Posted May 02, 2009 12:50 am CDT
“I’ll gladly pay you Tuesday for a hamburger today,” was the oft-repeated plea by Popeye’s friend J. Wellington Wimpy. Increasingly, law firm clients appear to be adopting that modus operandi.
“Clients are hanging on to their money longer,” says Larry Wolfe, the Cheyenne, Wyo.-based former managing partner at 410-attorney Holland & Hart. “We track that daily and see that clients who used to pay within 30 days are stretching it out to 40.
“Clients are saying they want a discount off this bill, a reduction in fees, discounts on future work, or ‘Here’s all I can pay now. Can we set up a payment plan?’ ”
Though large firms are less likely to talk about the problem (10 BigLaw firms didn’t respond to interview requests or declined to comment on their collection rates), the collection conundrum has hit firms across the spectrum.
“Our data supports the idea that collections have become a challenge, which is best seen in the lengthening of the collection cycle and risk of default,” says Hildebrandt International’s Mark Medice, who is based in Pittsburgh. “Early indications for full-year 2008 are that the cycle has increased by 5 percent or more from years prior. It’s also seen in the higher percentages of aged receivables, especially those greater than 180 days.”
“A lot of clients who were good payers in the past are now bad payers,” says Mike Lober, the Roswell, Ga.-based managing partner of the six-attorney firm Morriss, Lober & Dobson. “We had a group of clients you always knew would pay 45-60 days out, and now they’re starting to pay a little slower or always have an excuse—a line of credit’s been drawn down or something like that.”
The problem is more crippling for Chicago solo Tamara Holder, who specializes in criminal defense and expunging the records of the formerly convicted. “Expungement clients are becoming more aggressive in not wanting to pay or wanting discounts,” she explains. “It’s hard for me to finish the work, and it puts me in danger of committing malpractice.”
Holder’s criminal work has also taken a hit. “In the past, people were paying bonds by refinancing their home,” she notes. “Now they can’t post bond. Therefore they can’t afford an attorney. It means less criminal defense business.” Holder is considering letting office staff go.
As much as they can, law firms are trying to be patient and creative.

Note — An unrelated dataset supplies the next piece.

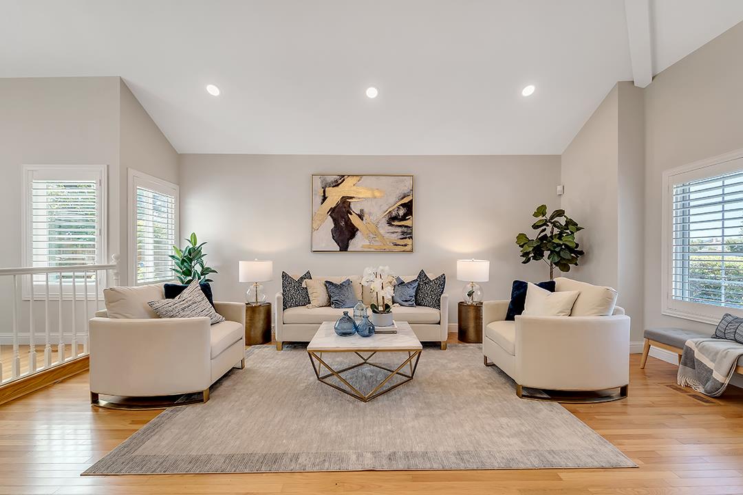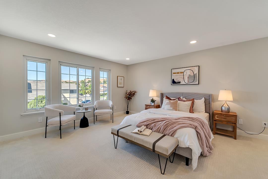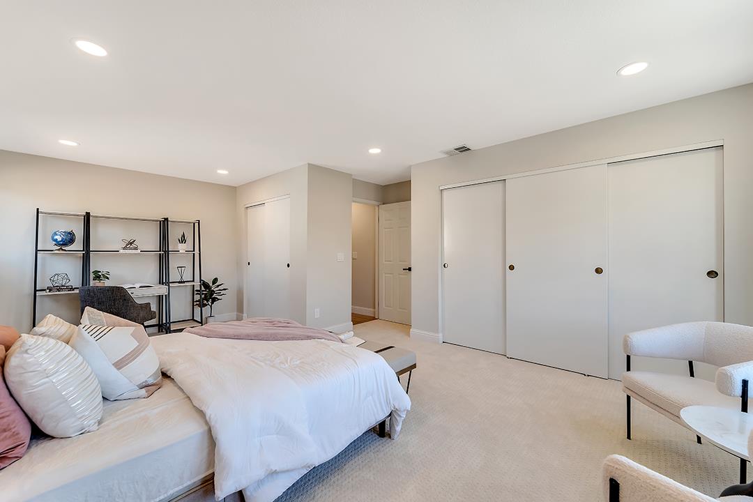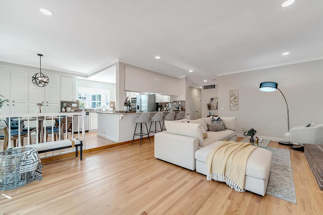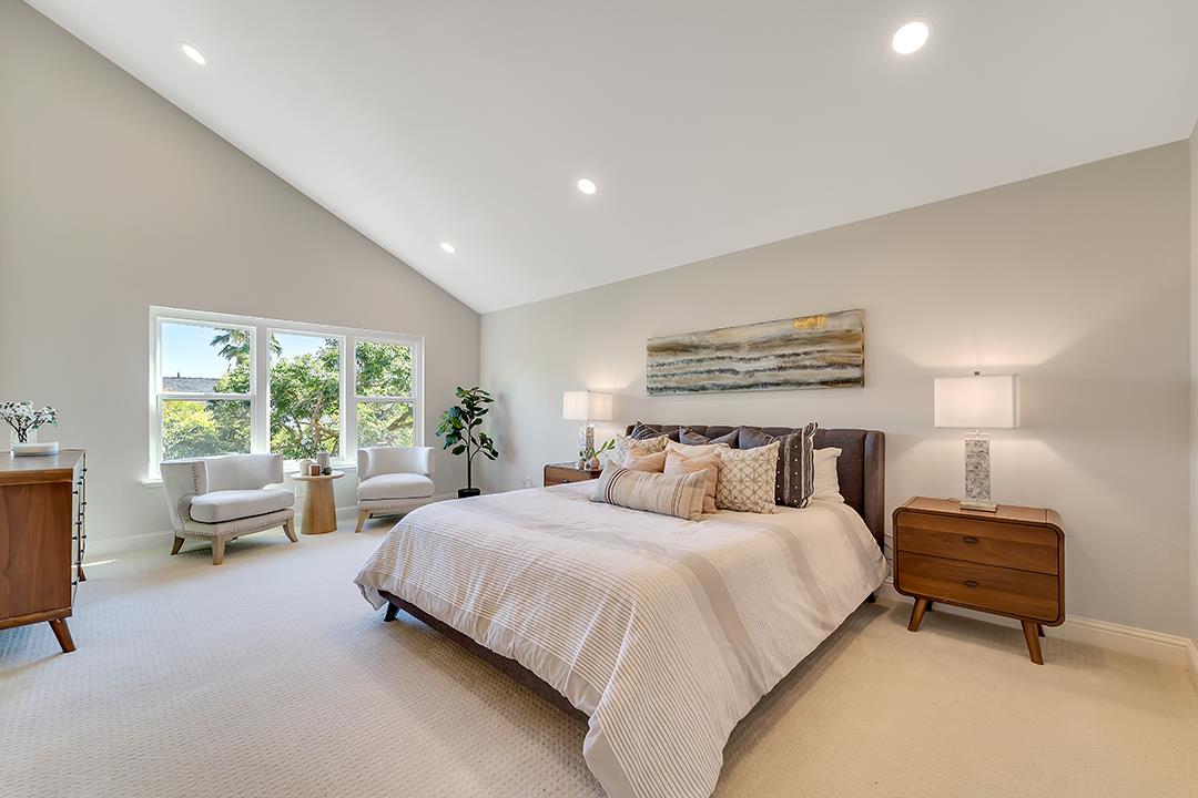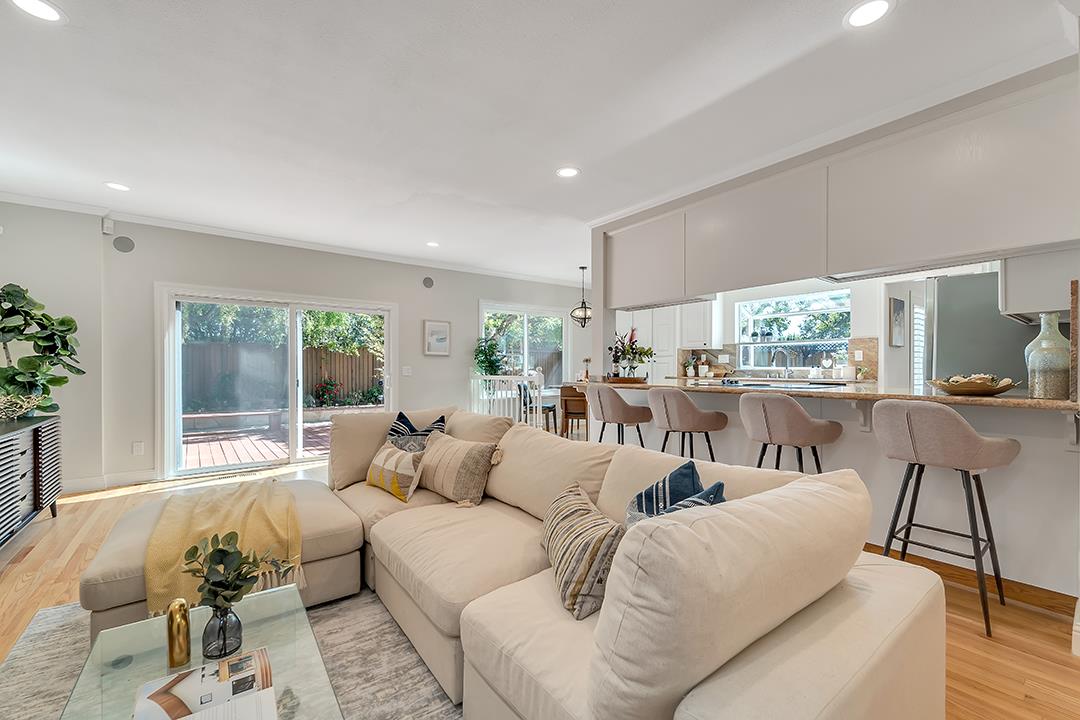 Modern elegance blends with classic charm in this spacious corner-lot home. Vaulted ceilings and an open floor plan imparts a feeling of spaciousness and sophistication. The living room combines comfort and style, adorned with recessed lighting and polished hardwood floors. The kitchen is a chefs dream, offering ample space for culinary mastery. A breakfast nook provides a casual dining, while the luxe dining room and wet bar elevate your entertaining experience. On the ground floor, you'll also find a generous bedroom and remodeled full bath. Upstairs, three bedrooms plus a grand primary suite with vaulted ceilings, walk-in closet, and spacious bath with dual vanities. A large front bedroom with two closets impart views of the foothills. Two inviting bedrooms offer plenty of room for loved ones. The backyard features an expansive deck, pergola and a level lawn perfect for playtime. This serene space is adorned with mature trees and greenery, providing an ideal retreat.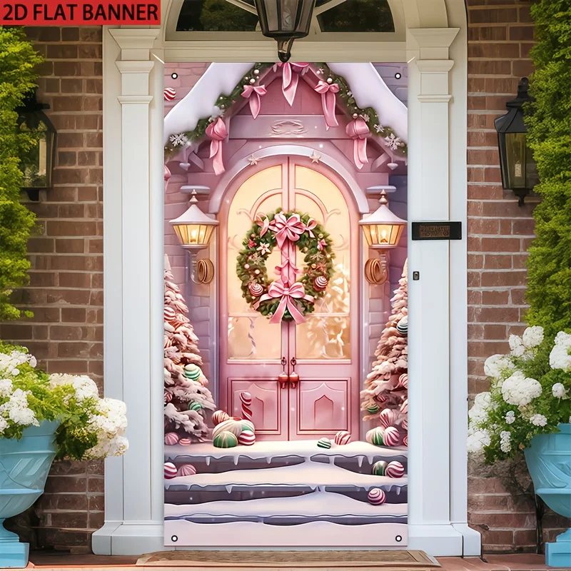 1PC2D Flat Christmas Welcome Door Banner - Pink Castle with Snow Scene and Garland,

Lober’s firm has begun to offer 5 percent discounts for clients that pay within 10 days, and has opened discussions about monthly retainers and flat-fee projects.
Firms are also retooling their billing systems. Wolfe has asked his attorneys to step up the pace in turning in time sheets, and reviewing and sending out invoices. When that happens, he says, collections increase substantially.
At Hiscock & Barclay, a 160-attorney East Coast firm, two full-time staff members troubleshoot when clients fail to pay. They’re busier than ever, according to managing partner John Langan, who works in the firm’s Syracuse, N.Y., office. The outcome is often a negotiated payment plan.
And invoices practically fly out Hiscock’s door. “I started communicating with partners every week about recording time and getting bills turned around,” explains Langan. “We shortened that cycle so that bills that would have gone out the door between the 15th and 30th of the month now go out by the 10th or 12th.”
Much bigger changes could arise if the economy continues to suffer.
“If the downturn continues through the third and fourth quarters of 2009, the entire legal profession will probably have to rethink forever how we package, sell and bill our services,” says David P. Branfman, principal at Branfman Law Group in San Diego. “My firm is working up a 10-page menu of services. We’re packaging as much work as possible and trying to deliver services on a fixed-fee basis because we think clients want it.
“Firms that use this as an opportunity to change will be more successful than ones that don’t.”
Still, though the data from Hildebrandt shows hourly billing rate growth slowed in the fourth quarter of 2008 to 5.8 percent—down from an average of 7 percent throughout the year—Medice isn’t ready to declare the billable hour dead.
“There’s more opportunity to explore creative rate structures,” he says, “but I think the billable hour is safe for the time being.”